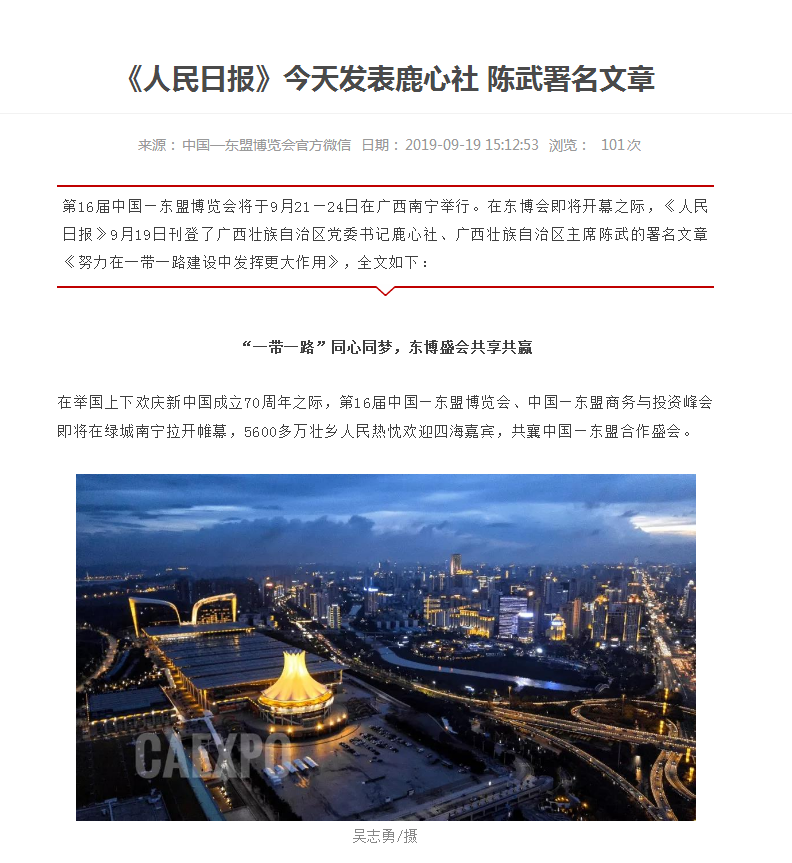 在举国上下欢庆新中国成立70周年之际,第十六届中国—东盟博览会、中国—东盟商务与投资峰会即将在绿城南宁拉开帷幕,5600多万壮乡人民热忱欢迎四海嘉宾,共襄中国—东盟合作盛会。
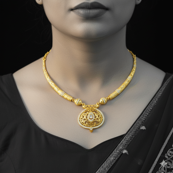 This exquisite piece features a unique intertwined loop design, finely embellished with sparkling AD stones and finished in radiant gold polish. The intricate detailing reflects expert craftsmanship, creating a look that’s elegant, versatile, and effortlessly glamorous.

--- --- ---

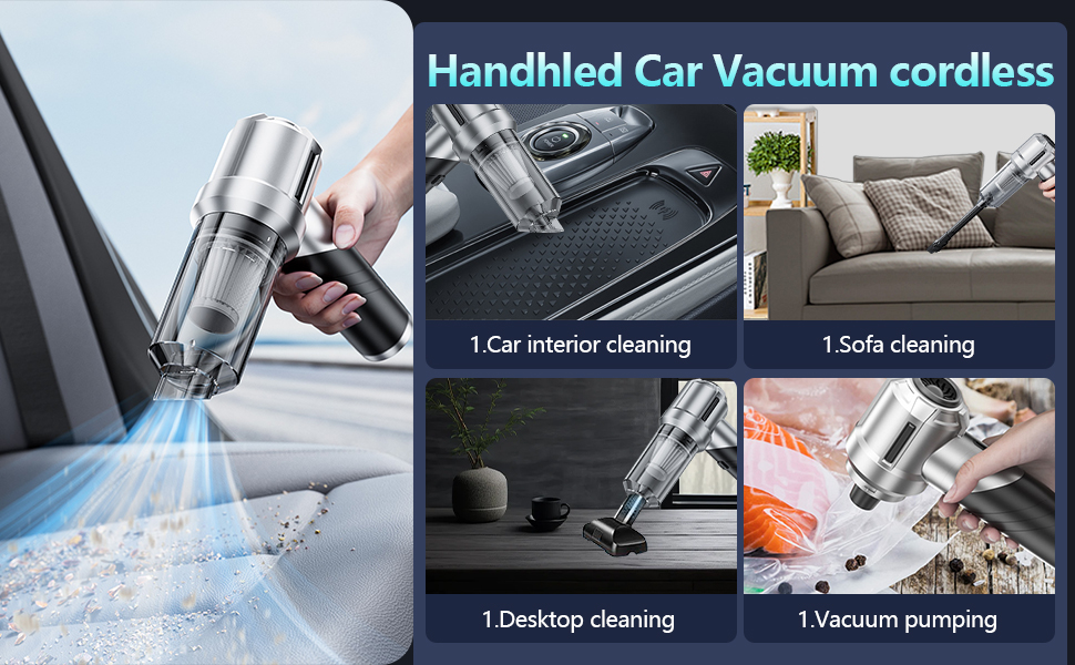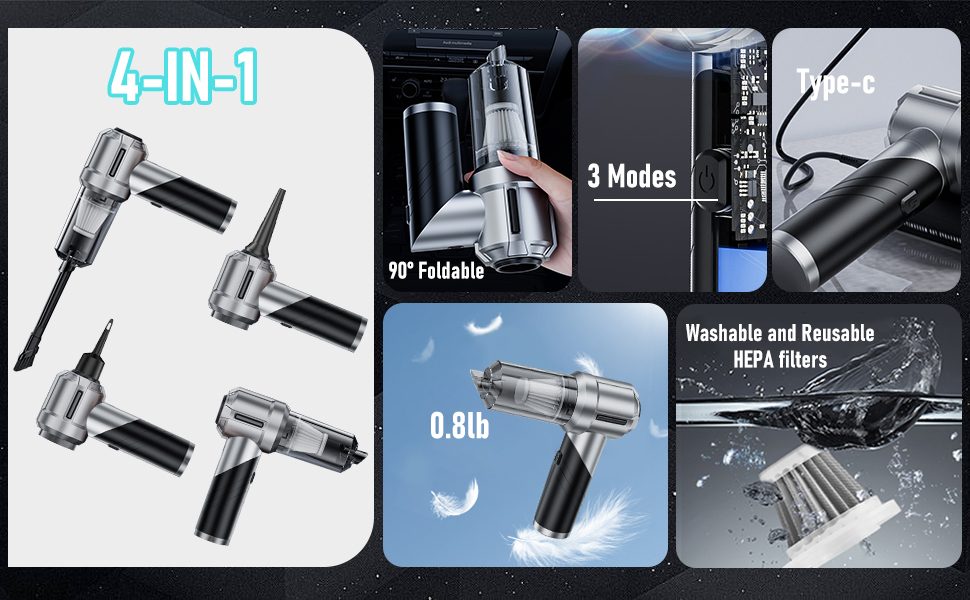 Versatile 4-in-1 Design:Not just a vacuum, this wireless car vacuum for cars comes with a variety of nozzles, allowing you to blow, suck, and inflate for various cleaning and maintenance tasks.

--- --- ---

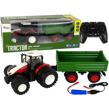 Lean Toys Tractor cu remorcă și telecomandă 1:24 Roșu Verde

--- --- ---

= THE PROBLEM =
Copy exactly the lines of the listing above between the one holding "在举国上下欢庆新中国成立70" and the one holding "This exquisite piece", inclusive; omit all pictures.

= WRITTEN RESPONSE =
 在举国上下欢庆新中国成立70周年之际,第十六届中国—东盟博览会、中国—东盟商务与投资峰会即将在绿城南宁拉开帷幕,5600多万壮乡人民热忱欢迎四海嘉宾,共襄中国—东盟合作盛会。
 This exquisite piece features a unique intertwined loop design, finely embellished with sparkling AD stones and finished in radiant gold polish. The intricate detailing reflects expert craftsmanship, creating a look that’s elegant, versatile, and effortlessly glamorous.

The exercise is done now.